Recent evidence indicates that inflammation plays a major role in the pathogenesis and progression of CCA. This meta-analysis seeks to evaluate the prognostic implications of preoperative inflammatory markers, specifically NLR, PLR, and LMR, in patients with eCCA. By focusing on these preoperative biomarkers, this study aims to provide valuable insights into their prognostic value and potential utility in clinical practice.
For this analysis, comprehensive searches were conducted in PubMed, Embase, and Web of Science databases from inception to May 2024. The primary outcomes of interest focused on the association between the levels of NLR, PLR, and LMR and the prognosis of eCCA patients. Statistical analyses were conducted using STATA 17.0 software.
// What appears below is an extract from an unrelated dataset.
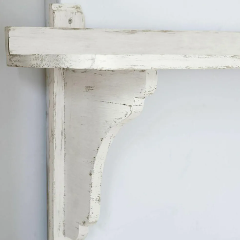 Das 2er-Set dieser Wandregale aus massivem Tannenholz bringt mit seinem charmanten Antik-Finish einen Hauch von Vintage in Ihr Zuhause. Die geschwungenen Träger erinnern an den klassischen Landhausstil und verleihen den Regalen eine besondere Eleganz. Die weiße, bewusst verwitterte Oberfläche sorgt für einen rustikalen Charakter, der jede Wand stilvoll aufwertet. Ob für dekorative Accessoires, Bücher oder Pflanzen – die Regale bieten sowohl Funktionalität als auch eine dekorative Lösung für viele Räume. Ein zeitloser Klassiker, der nicht nur praktischen Nutzen bietet, sondern auch optisch begeistert.

The meta-analysis, involving 20 retrospective studies with 5553 participants, revealed significant correlations between preoperative biomarkers and the prognosis of eCCA patients. Elevated NLR, PLR, and decreased LMR levels were extensively studied regarding overall survival (OS) in eCCA patients. Elevated NLR was an independent predictor of poor OS (HR 1.86, p < 0.001), similar to elevated PLR (HR 1.76, p < 0.001), while decreased LMR predicted poor OS (HR 2.16, p < 0.001). Subgroup analyses based on eCCA subtypes and curative surgery status showed consistent results.
In conclusion, our study emphasizes the clinical significance of assessing NLR, PLR, and LMR preoperatively to predict patient prognosis. Elevated NLR and PLR values, along with decreased LMR values, were linked to poorer overall survival (OS). Large-scale prospective cohort studies are required to confirm their independent prognostic value in eCCA.